Brief: Can you copy out the data exactly? Leave the images out.

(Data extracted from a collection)
==*==

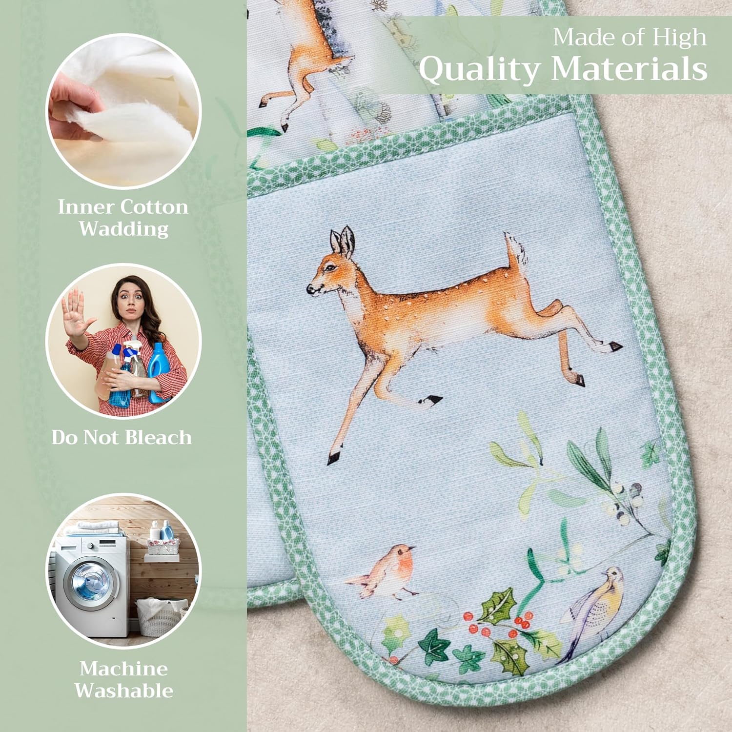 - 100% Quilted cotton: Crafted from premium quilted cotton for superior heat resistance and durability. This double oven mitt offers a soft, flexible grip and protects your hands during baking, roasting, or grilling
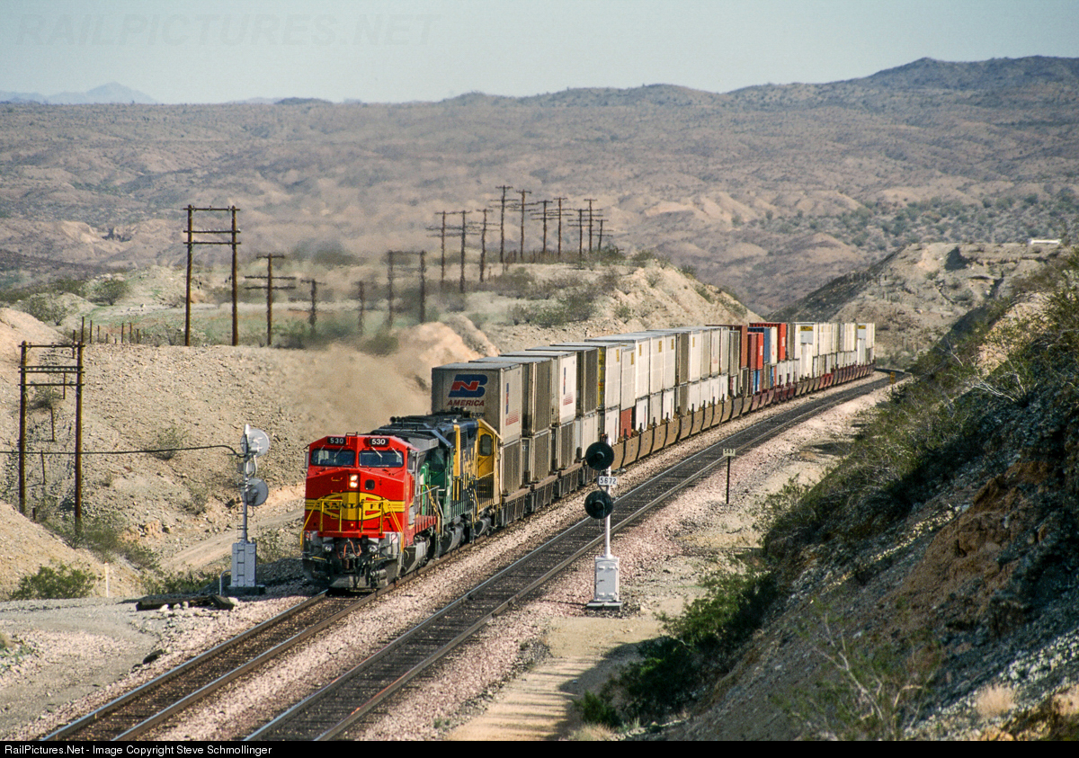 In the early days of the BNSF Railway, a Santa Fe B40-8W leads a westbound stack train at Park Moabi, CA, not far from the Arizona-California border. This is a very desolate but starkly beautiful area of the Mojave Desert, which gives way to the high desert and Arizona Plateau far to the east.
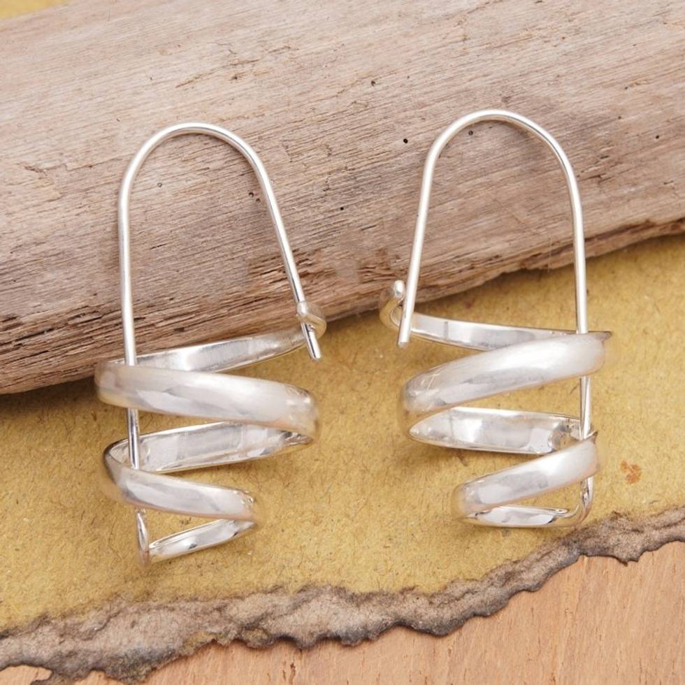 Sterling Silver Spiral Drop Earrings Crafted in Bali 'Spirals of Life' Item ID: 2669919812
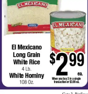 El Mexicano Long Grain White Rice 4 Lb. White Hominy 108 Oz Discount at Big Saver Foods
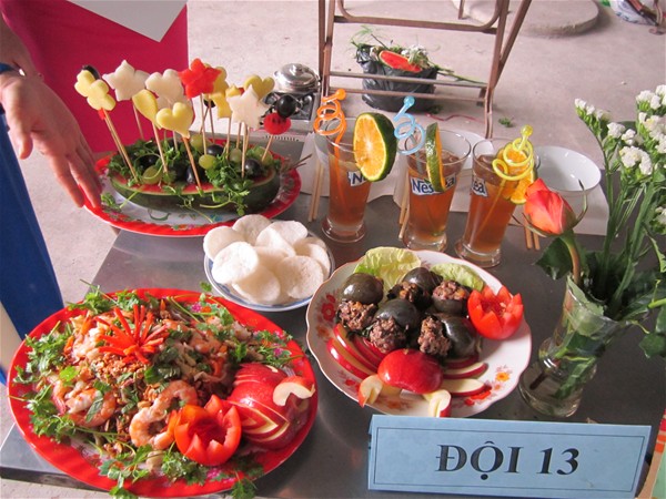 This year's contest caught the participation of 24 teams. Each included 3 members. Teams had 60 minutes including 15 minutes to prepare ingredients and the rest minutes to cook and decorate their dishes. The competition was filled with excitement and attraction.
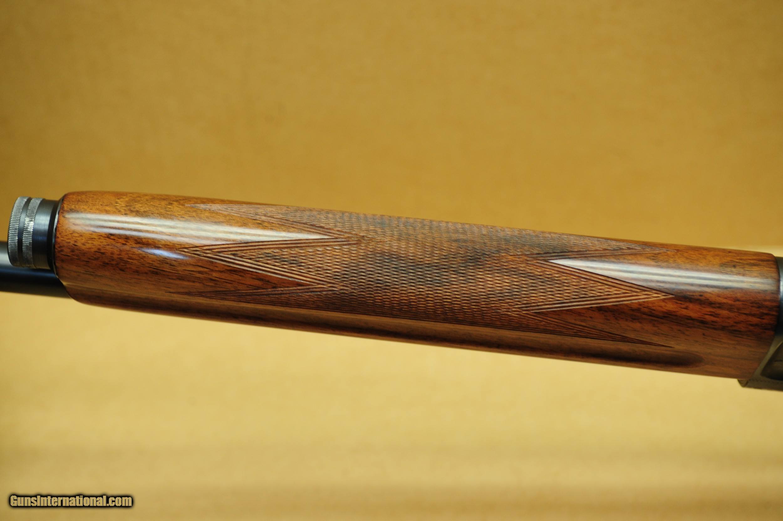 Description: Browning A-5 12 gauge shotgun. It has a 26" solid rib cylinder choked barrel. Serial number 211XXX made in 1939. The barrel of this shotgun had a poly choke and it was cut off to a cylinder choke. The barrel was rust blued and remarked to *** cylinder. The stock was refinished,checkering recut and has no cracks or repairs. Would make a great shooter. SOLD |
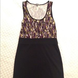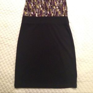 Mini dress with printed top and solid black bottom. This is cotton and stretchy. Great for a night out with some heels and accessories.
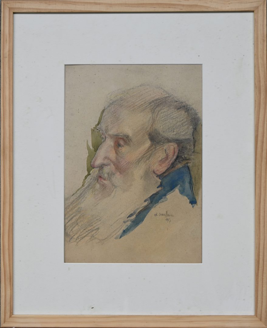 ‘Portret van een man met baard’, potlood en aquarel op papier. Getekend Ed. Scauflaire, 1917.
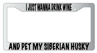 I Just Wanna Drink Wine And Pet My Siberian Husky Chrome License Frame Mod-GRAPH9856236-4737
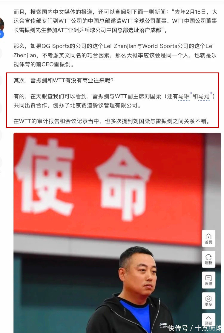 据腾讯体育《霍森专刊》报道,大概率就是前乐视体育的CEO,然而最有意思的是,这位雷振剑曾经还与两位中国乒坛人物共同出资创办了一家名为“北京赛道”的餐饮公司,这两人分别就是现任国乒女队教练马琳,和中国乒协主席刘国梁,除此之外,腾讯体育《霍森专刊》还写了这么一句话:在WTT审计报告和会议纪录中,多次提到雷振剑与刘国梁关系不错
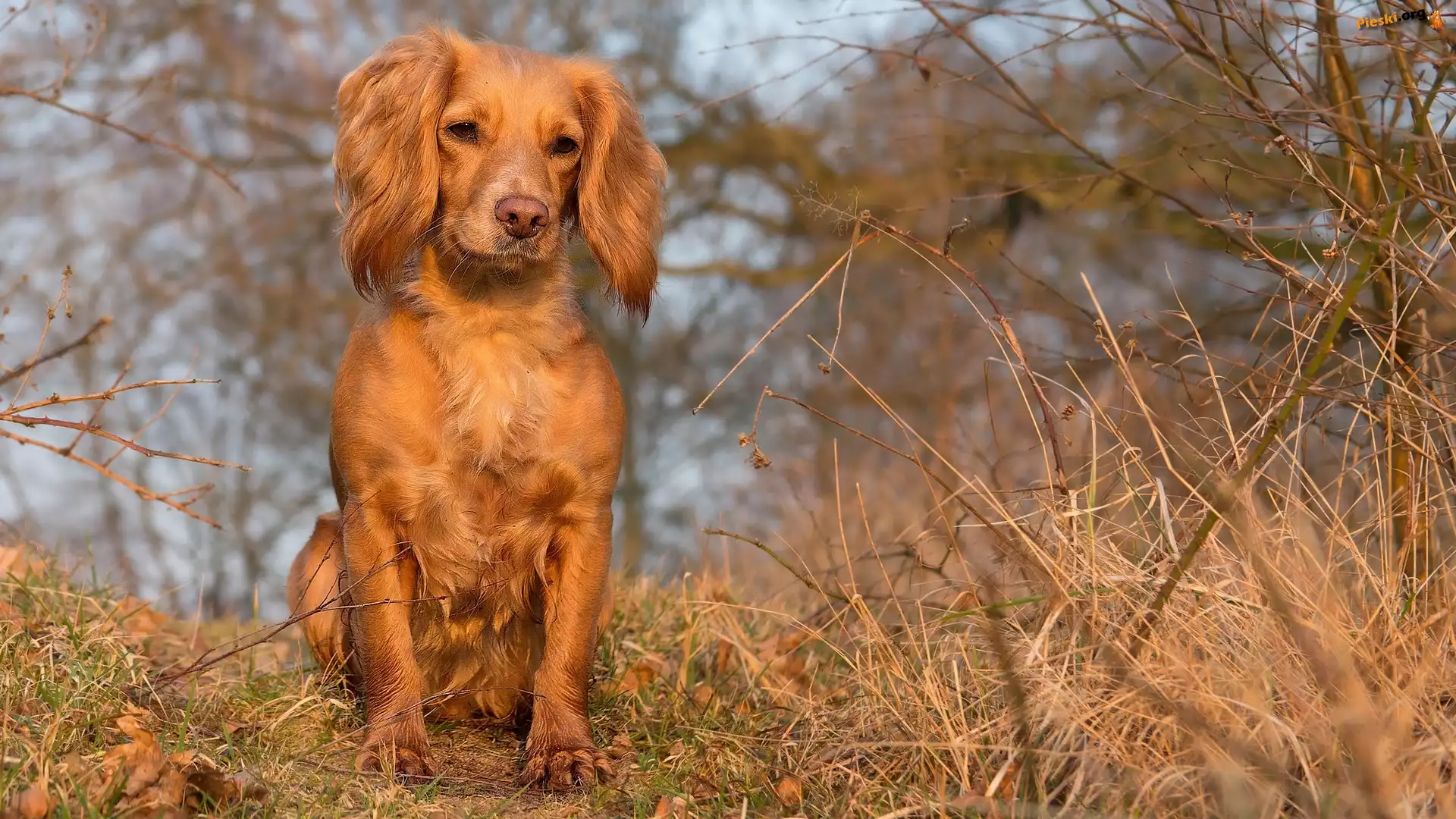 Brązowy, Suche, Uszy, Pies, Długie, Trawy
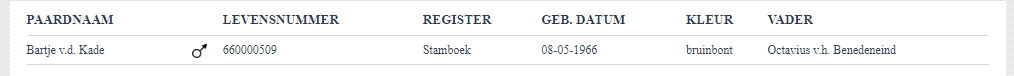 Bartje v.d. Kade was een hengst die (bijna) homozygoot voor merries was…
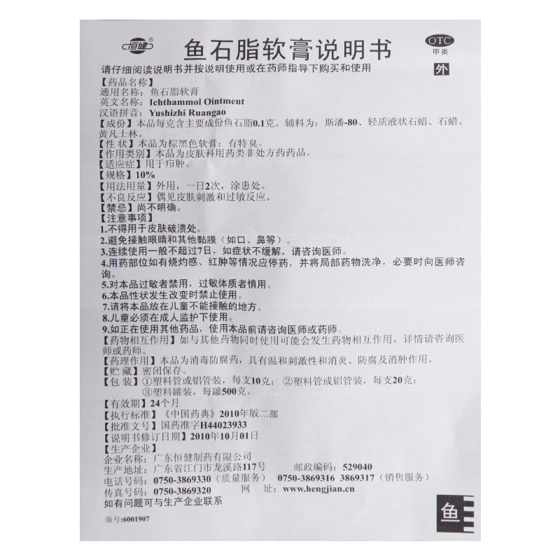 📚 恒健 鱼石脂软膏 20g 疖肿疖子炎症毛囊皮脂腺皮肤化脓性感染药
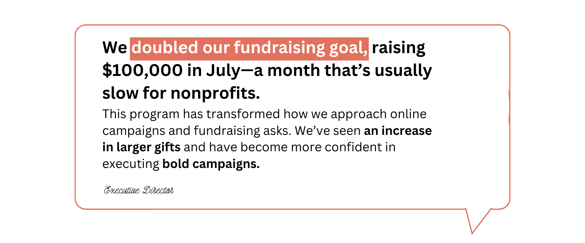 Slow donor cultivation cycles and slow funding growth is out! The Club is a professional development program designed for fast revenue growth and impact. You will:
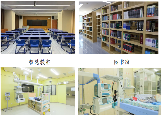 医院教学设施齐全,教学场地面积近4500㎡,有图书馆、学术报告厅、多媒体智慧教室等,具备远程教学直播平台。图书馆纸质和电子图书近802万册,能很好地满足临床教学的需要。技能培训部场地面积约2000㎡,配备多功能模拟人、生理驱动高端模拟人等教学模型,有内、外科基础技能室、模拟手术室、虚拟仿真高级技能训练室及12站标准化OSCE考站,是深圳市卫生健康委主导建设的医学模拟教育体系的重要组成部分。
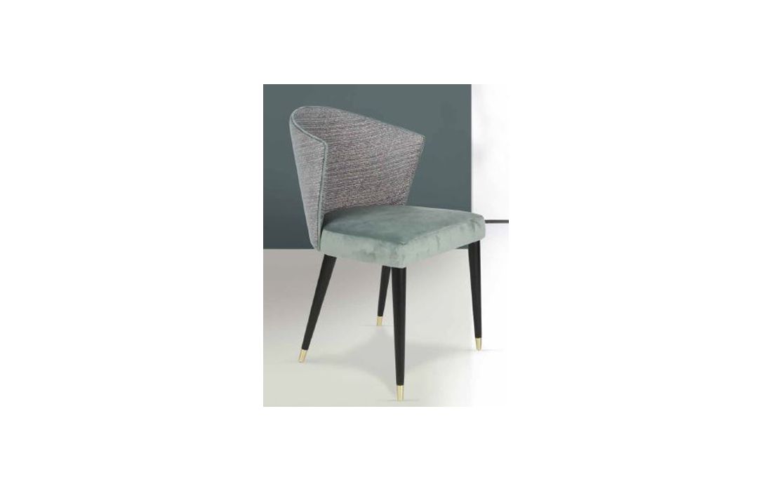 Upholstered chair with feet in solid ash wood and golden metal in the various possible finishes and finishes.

==*==

Result:
 - 100% Quilted cotton: Crafted from premium quilted cotton for superior heat resistance and durability. This double oven mitt offers a soft, flexible grip and protects your hands during baking, roasting, or grilling
 In the early days of the BNSF Railway, a Santa Fe B40-8W leads a westbound stack train at Park Moabi, CA, not far from the Arizona-California border. This is a very desolate but starkly beautiful area of the Mojave Desert, which gives way to the high desert and Arizona Plateau far to the east.
 Sterling Silver Spiral Drop Earrings Crafted in Bali 'Spirals of Life' Item ID: 2669919812
 El Mexicano Long Grain White Rice 4 Lb. White Hominy 108 Oz Discount at Big Saver Foods
 This year's contest caught the participation of 24 teams. Each included 3 members. Teams had 60 minutes including 15 minutes to prepare ingredients and the rest minutes to cook and decorate their dishes. The competition was filled with excitement and attraction.
 Description: Browning A-5 12 gauge shotgun. It has a 26" solid rib cylinder choked barrel. Serial number 211XXX made in 1939. The barrel of this shotgun had a poly choke and it was cut off to a cylinder choke. The barrel was rust blued and remarked to *** cylinder. The stock was refinished,checkering recut and has no cracks or repairs. Would make a great shooter. SOLD |
 Mini dress with printed top and solid black bottom. This is cotton and stretchy. Great for a night out with some heels and accessories.
 ‘Portret van een man met baard’, potlood en aquarel op papier. Getekend Ed. Scauflaire, 1917.
 I Just Wanna Drink Wine And Pet My Siberian Husky Chrome License Frame Mod-GRAPH9856236-4737
 据腾讯体育《霍森专刊》报道,大概率就是前乐视体育的CEO,然而最有意思的是,这位雷振剑曾经还与两位中国乒坛人物共同出资创办了一家名为“北京赛道”的餐饮公司,这两人分别就是现任国乒女队教练马琳,和中国乒协主席刘国梁,除此之外,腾讯体育《霍森专刊》还写了这么一句话:在WTT审计报告和会议纪录中,多次提到雷振剑与刘国梁关系不错
 Brązowy, Suche, Uszy, Pies, Długie, Trawy
 Bartje v.d. Kade was een hengst die (bijna) homozygoot voor merries was…
 📚 恒健 鱼石脂软膏 20g 疖肿疖子炎症毛囊皮脂腺皮肤化脓性感染药
 Slow donor cultivation cycles and slow funding growth is out! The Club is a professional development program designed for fast revenue growth and impact. You will:
 医院教学设施齐全,教学场地面积近4500㎡,有图书馆、学术报告厅、多媒体智慧教室等,具备远程教学直播平台。图书馆纸质和电子图书近802万册,能很好地满足临床教学的需要。技能培训部场地面积约2000㎡,配备多功能模拟人、生理驱动高端模拟人等教学模型,有内、外科基础技能室、模拟手术室、虚拟仿真高级技能训练室及12站标准化OSCE考站,是深圳市卫生健康委主导建设的医学模拟教育体系的重要组成部分。
 Upholstered chair with feet in solid ash wood and golden metal in the various possible finishes and finishes.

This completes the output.